When these tables were populated via conversion, they should have been populated with 6 numbers. Unfortunately, some of the IDs had dropped leading zeros or the ID was appended with trailing spaces.
I should mention that all of the tables in question start with z%.
How can I find the TABLES that identify the Employee Ids with a length greater than or less than 6?

This is what my mind is thinking, but it’s obviously not right.

Select LENGTH(EMPLOYEE_ID), TABLE_NAME from (Select TABLE_NAME FROM INFORMATION_SCHEMA.TABLES
WHERE TABLE_SCHEMA = 'mySchema' and TABLE_NAME like 'z%') a
where LENGTH(EMPLOYEE_ID) <> 6
GROUP BY  TABLE_NAME, LENGTH(EMPLOYEE_ID)

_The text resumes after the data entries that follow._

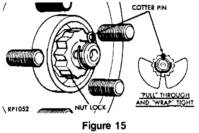 31. Install the spring washer, hub nut lock and new cotter pin (Refer to Figure 15).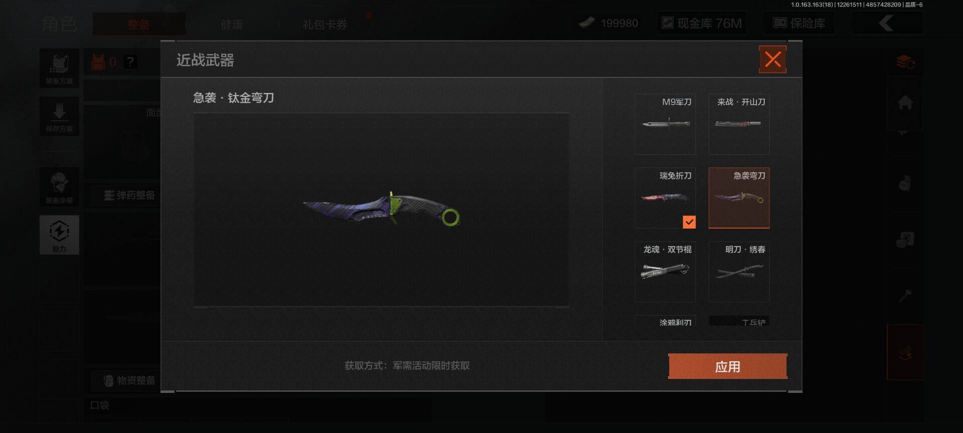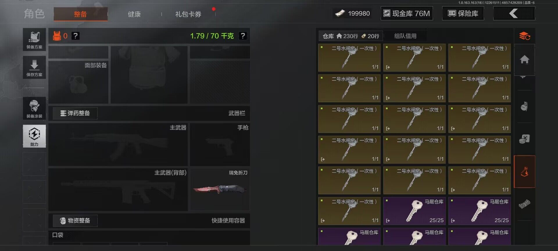 等级:30/段位:暗区传说/仓库价值(百万):112.9/柯恩币:76350683/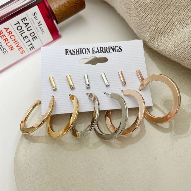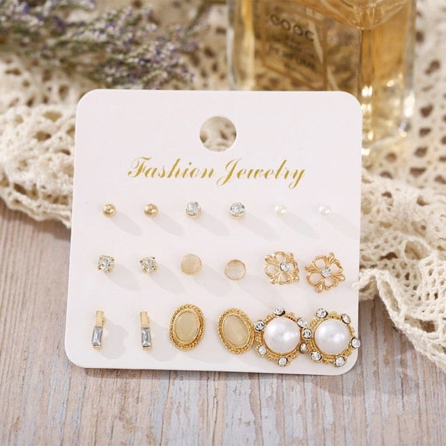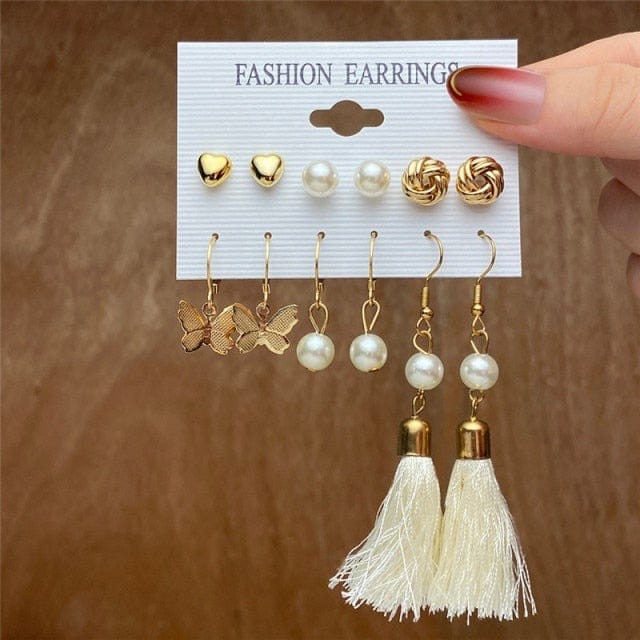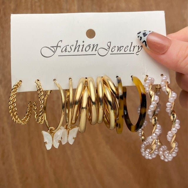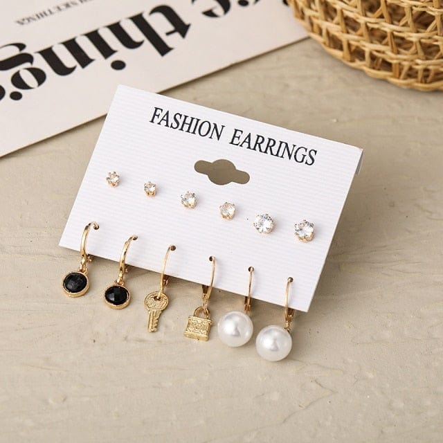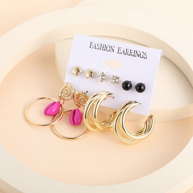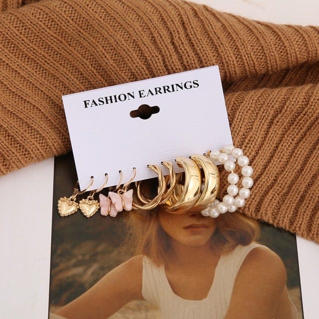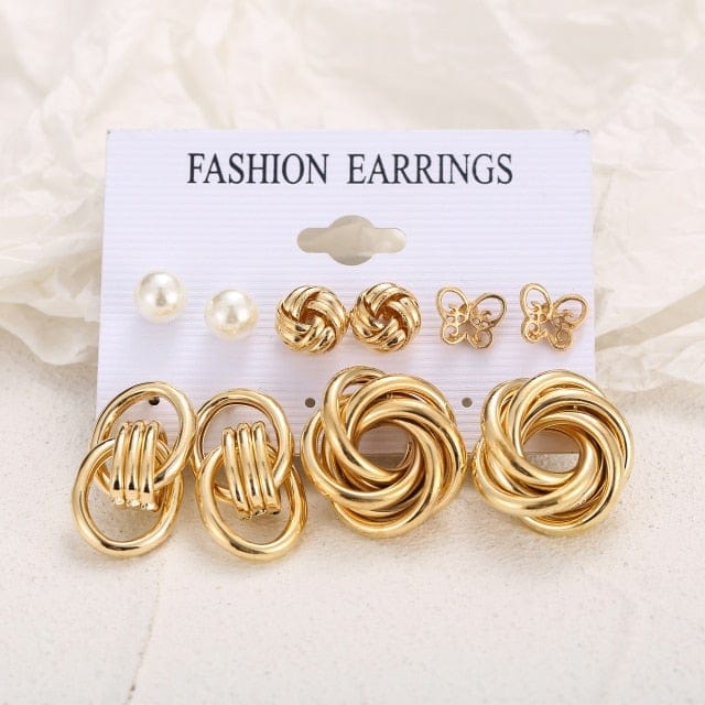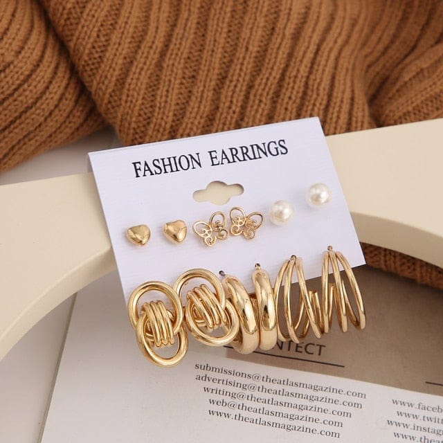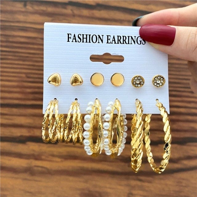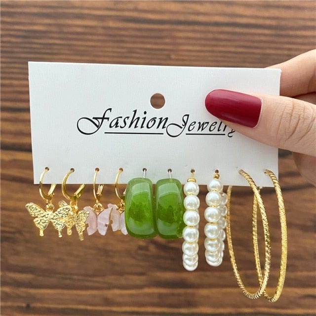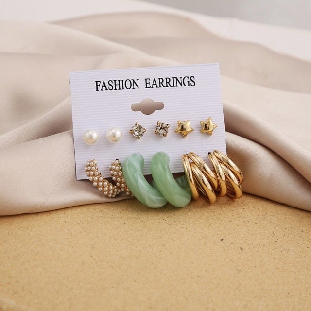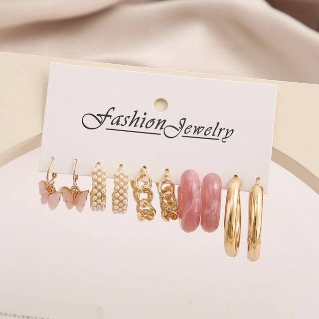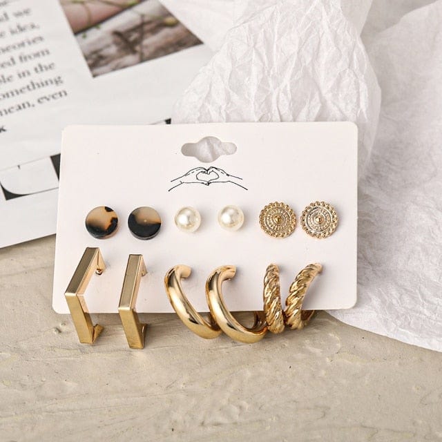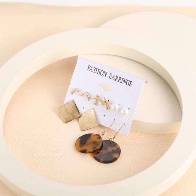 Trendy Exquisite Pearl Metal Earrings Set For Women Geometric Circle Dangle Drop Earrings Acrylic Set of Earrings Jewelry

What I don’t want to do is list out every table like:

Select LENGTH(EMPLOYEE_ID), TABLE_NAME from TABLE1
where LENGTH(EMPLOYEE_ID) <> 6
UNION
Select LENGTH(EMPLOYEE_ID), TABLE_NAME from TABLE2
where LENGTH(EMPLOYEE_ID) <> 6
UNION
Select LENGTH(EMPLOYEE_ID), TABLE_NAME from TABLE3
where LENGTH(EMPLOYEE_ID) <> 6

2

Answers


  1. This might be tricky to do using purely SQL. I would advise using a scripting language like Python and taking advantage of pandas. You can do something like below:

    import pymysql
    import pandas as pd
    
    conn = pymysql.connect(host='host', user='user', password='pass', db='mySchema')
    
    # Fetch the list of tables
    query = "SELECT TABLE_NAME FROM INFORMATION_SCHEMA.TABLES WHERE TABLE_SCHEMA = 'mySchema' AND TABLE_NAME LIKE 'z%'"
    tables = pd.read_sql(query, conn)
    
    results = []
    
    for table in tables['TABLE_NAME']:
        try:
            query = f"SELECT '{table}' AS TABLE_NAME, COUNT(*) AS COUNT FROM {table} WHERE LENGTH(TRIM(EMPLOYEE_ID)) <> 6"
            result = pd.read_sql(query, conn)
            if result['COUNT'].iloc[0] > 0:
                results.append(result)
        except Exception as e:
            print(f"Error while processing table {table}: {e}")
    
    # Combine the results
    all_results = pd.concat(results, ignore_index=True)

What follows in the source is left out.